About this exercise
Each line below must be reproduced exactly as it stands. Pictures stay out of the copy.

Records from a dataset
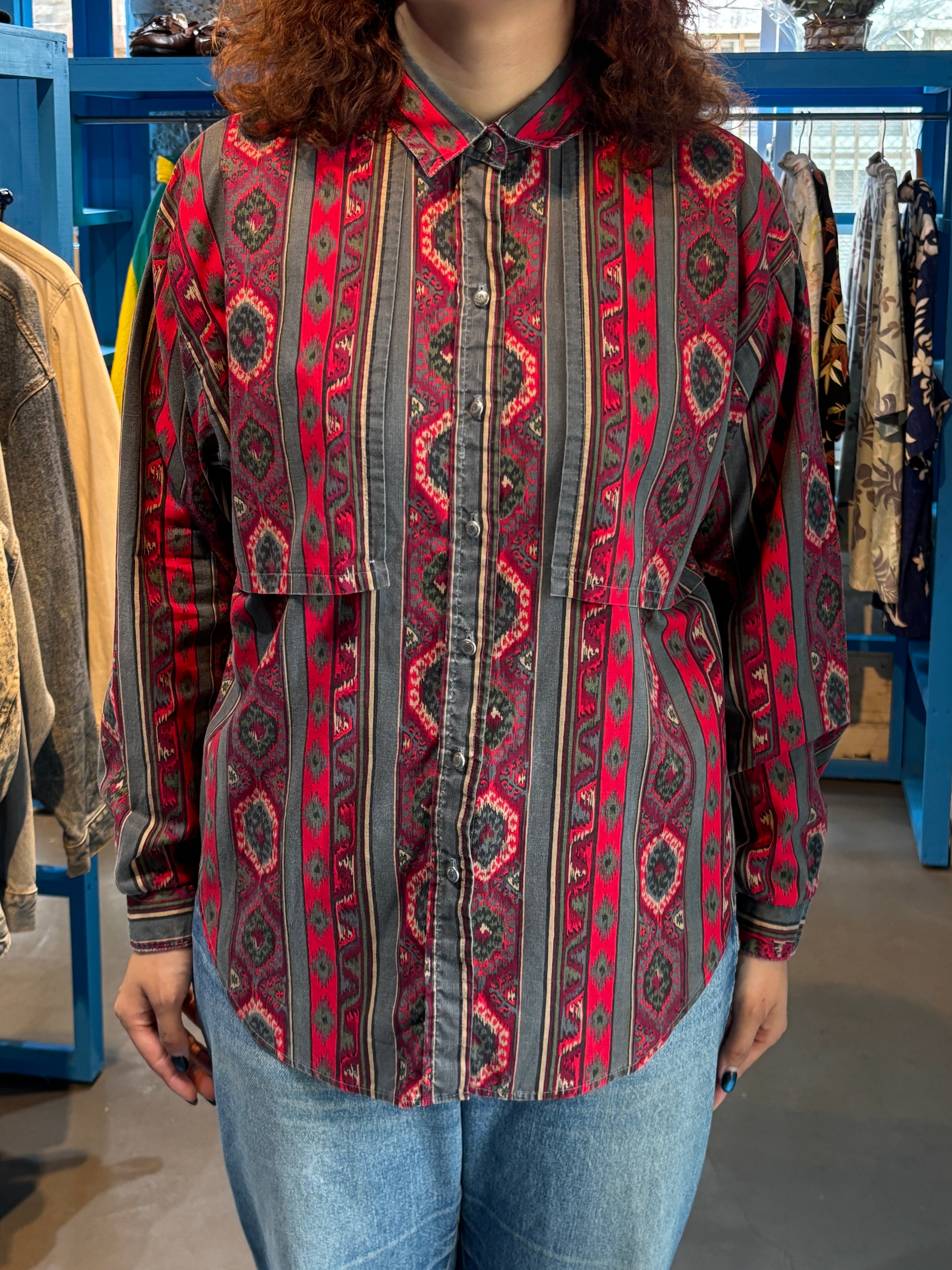 90s USA製 赤 ネイティブ柄 総柄 シャツ
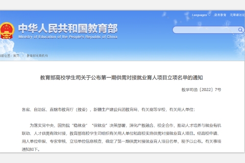 4月6日,教育部公布《关于第一期供需对接就业育人项目立项名单的通知》(教学司函〔2022〕7号),由beat365招生就业处何独明和人工智能学院都安坤主持的就业实习基地、定向人才培养培训两个项目获批教育部供需对接就业育人项目立项。
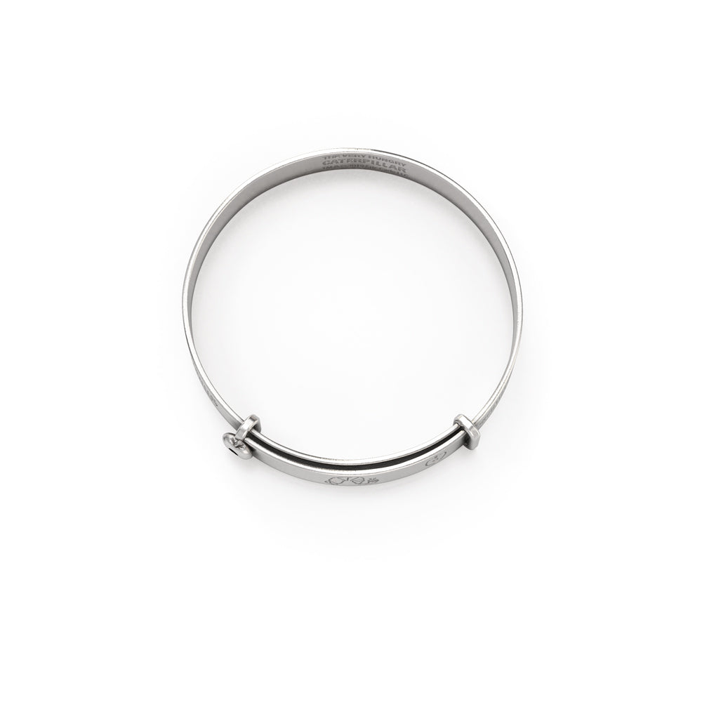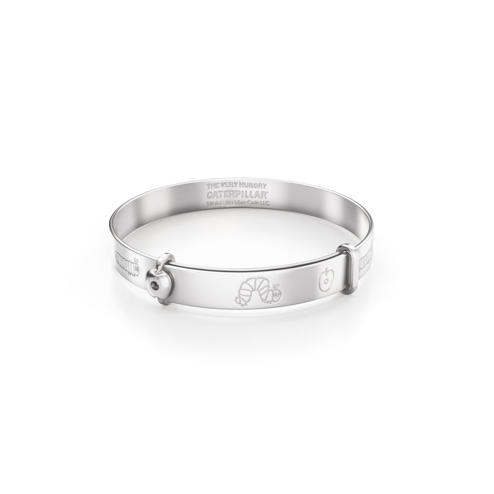 Celebrate life's precious moments with The Very Hungry Caterpillar Baby My First Bangle, a beautifully handcrafted sterling silver christening bracelet officially licensed by Eric Carle. This adorable keepsake is designed to capture the magic of the beloved children’s story, featuring delicate etchings of The Very Hungry Caterpillar alongside the apple and pear from the classic tale.
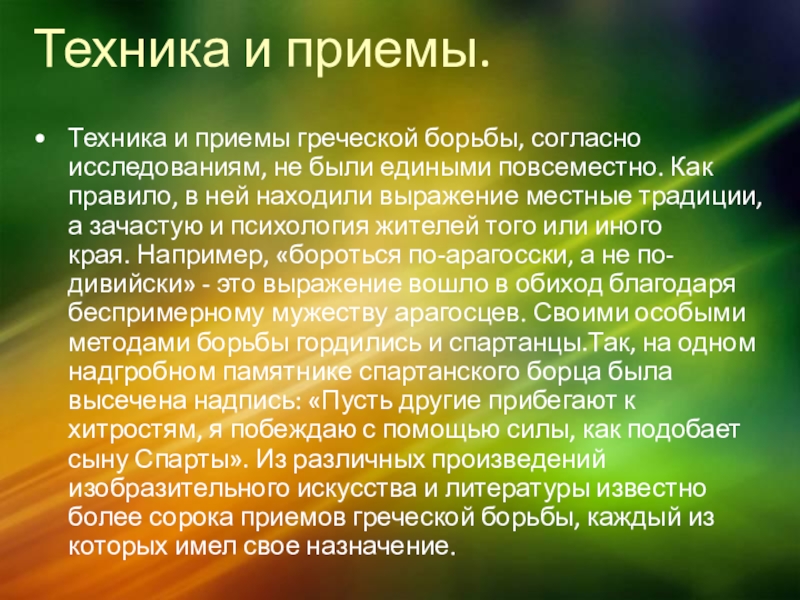 едиными повсеместно. Как правило, в ней находили выражение местные традиции, а зачастую и психология жителей того или иного края. Например, «бороться по-арагосски, а не по-дивийски» - это выражение вошло в обиход благодаря беспримерному мужеству арагосцев. Своими особыми методами борьбы гордились и спартанцы.Так, на одном надгробном памятнике спартанского борца была высечена надпись: «Пусть другие прибегают к хитростям, я побеждаю с помощью силы, как подобает сыну Спарты». Из различных произведений изобразительного искусства и литературы известно более сорока приемов греческой борьбы, каждый из которых имел свое назначение.
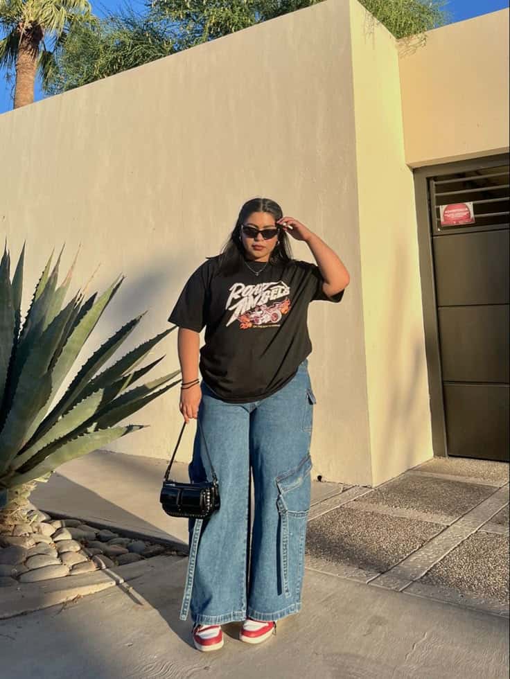 Paired with a simple black tee and high-waisted, rolled-up mom jeans, this outfit strikes the ideal balance between comfort and cool. The classic Vans sneakers complete the look with a touch of skater-inspired nostalgia.

Written answer
 90s USA製 赤 ネイティブ柄 総柄 シャツ
 4月6日,教育部公布《关于第一期供需对接就业育人项目立项名单的通知》(教学司函〔2022〕7号),由beat365招生就业处何独明和人工智能学院都安坤主持的就业实习基地、定向人才培养培训两个项目获批教育部供需对接就业育人项目立项。
 Celebrate life's precious moments with The Very Hungry Caterpillar Baby My First Bangle, a beautifully handcrafted sterling silver christening bracelet officially licensed by Eric Carle. This adorable keepsake is designed to capture the magic of the beloved children’s story, featuring delicate etchings of The Very Hungry Caterpillar alongside the apple and pear from the classic tale.
 едиными повсеместно. Как правило, в ней находили выражение местные традиции, а зачастую и психология жителей того или иного края. Например, «бороться по-арагосски, а не по-дивийски» - это выражение вошло в обиход благодаря беспримерному мужеству арагосцев. Своими особыми методами борьбы гордились и спартанцы.Так, на одном надгробном памятнике спартанского борца была высечена надпись: «Пусть другие прибегают к хитростям, я побеждаю с помощью силы, как подобает сыну Спарты». Из различных произведений изобразительного искусства и литературы известно более сорока приемов греческой борьбы, каждый из которых имел свое назначение.
 Paired with a simple black tee and high-waisted, rolled-up mom jeans, this outfit strikes the ideal balance between comfort and cool. The classic Vans sneakers complete the look with a touch of skater-inspired nostalgia.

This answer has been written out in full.